JPH01132952A - Electrophoresis apparatus - Google Patents

Abstract

PURPOSE:To make it possible to prevent the deactivation and the denaturation of a sample, by forming the surface of a cooling plate in a projecting surface, and bringing the surface and a film on which gel is attached into close contact. CONSTITUTION:A film 8 is mounted on a cooling plate 2, and a cap 10 is placed. Then, a curved part 9a of a pushing part compresses both parts of the film 8 to the plate 2 so as to fix both parts. At this time, the film 8 is in close contact with a projecting surface 2a of the cooling plate 2. Both end parts 8 and 8a are immersed in buffer liquid 5. Therefore, gel 7, which is supported with the film 8 is directly in contact with the buffer liquid 5, and an electric bridge for energization is not required. When a voltage is applied to an electrode line 6, the gel 7 is energized by the buffer liquid 5 directly, and electrophoresis is started. Since the gel 7 is uniformly conducted, an electric field in the gel 7 becomes uniform. Disturbance in electrophoresis pattern is eliminated. A cooling device 3 cools the plat 2 by the energization. Joule's heat, which is generated during the electrophoresis of the gel 7, is cooled. Therefore, the deactivation and the denaturation of a sample can be prevented beforehand.

Description

DETAILED DESCRIPTION OF THE INVENTION TECHNICAL FIELD The present invention relates to an electrophoresis apparatus, and particularly to a constant temperature electrophoresis apparatus that has a cooling device and does not use a battery case.

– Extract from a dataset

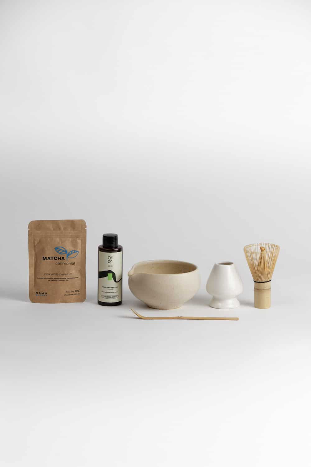 Na Namu Matcha, oferecemos kits completos com todos os acessórios necessários para uma experiência autêntica.

"Prior art and its problems" Electrophoresis is a method of analysis by applying a voltage to a charged sample. A typical embodiment of the electrophoresis method involves coating or casting a film-forming material inert to the sample, such as agar, cellulose acetate, starch, silica gel, or polyacrylamide, on a support such as glass or plastic film. to impregnate the electrophoresis carrier with buffer solution,
The sample to be analyzed is added onto this, and the electrophoresis carrier (
A DC voltage is applied to both ends of the gel (hereinafter referred to as gel).

Then, the charged component of the sample moves within the gel or on its surface depending on its charge, isoelectric point, molecular weight, etc. This movement speed varies depending on the properties of the components in the sample, so by applying a voltage for a certain period of time, an electrophoresis pattern in which each component is separated can be obtained.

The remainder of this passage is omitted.